1.何故最近、多くの作家が時代劇小説を書くようになったのでしょうか?


1)歴史・時代小説は読者層が最も大きなジャンルで商業性が高く編集者も狙っている。
2)最近、メディア・ミックス(TV・映画・漫画・アニメ・TVゲーム)によって、ファミリー小説やスーパーチャンバラものなど、なにもその時代考証などの専門性や素養が問われない、急速に新しい歴史小説(もどき)に対する若い世代層の浸透と拡大が著しくなった。
3)有力作家の物故が相次ぎ、大きな穴があいている。
 吉村昭、村上元三、久世光彦、杉浦日向子、佐竹申伍、南条範夫、白石一郎、新宮正春、水上勉、戸川幸夫、都筑道夫、戸部新十郎、谷恒生、黒岩重吾、笹沢佐保、山田風太郎などなど。

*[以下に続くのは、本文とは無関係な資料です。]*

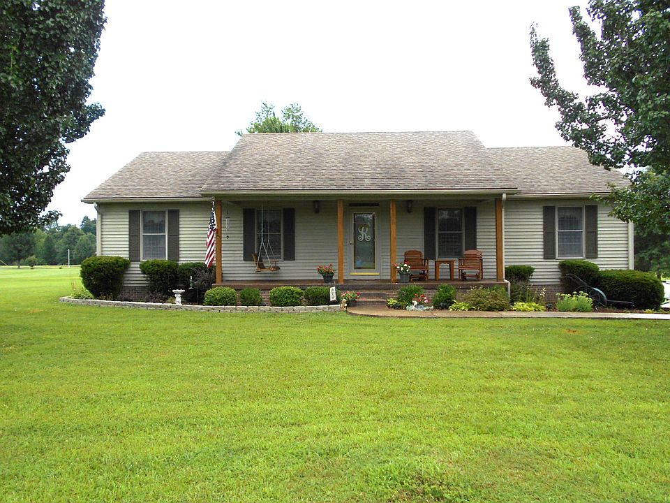 Listed by Tooty Cottrell 270-589-1509 - 3 bedroom vinyl siding, extensive landscaping, hardwood floors, vaulted living room, formal dining room, gas log fireplace, lots of closets, oak cabinets, covered front porch, rear deck, 14 x 20 storage building, 2 large finished rooms in basement and oversize garage with openers, large lot - 1.83 acres, excellent condition, must see!

2.時代劇小説は時代考証や風俗、歴史考証が大変なのに、そんなに簡単に書けるものなのでしょうか?
 長谷川伸が肝煎りの時代小説の勉強会「新鷹会」の及ぼした影響力には甚大なものがあったのでしょう。http://www.geocities.jp/shinyoukai2000/sakkatach …
しかし、今や1.の2)で触れたように、TVアニメや漫画、それにゲーム機の産んだネオ時代劇や、時代劇風ファミリー劇や昼メロ調の江戸世相小説などとして、いわゆる高齢化しつつある時代小説ファンとは別の若い世代の関心が高まっているのではないでしょうか。
 明治も中期以降になって政策的に使われだした「お父さん」が文中から飛び出てくるなど、およそ時代考証のレベル以前で、そもそも日本語の時代性が無批判にチャンポンにされた「江戸期恋愛小説」に驚かされたものでした。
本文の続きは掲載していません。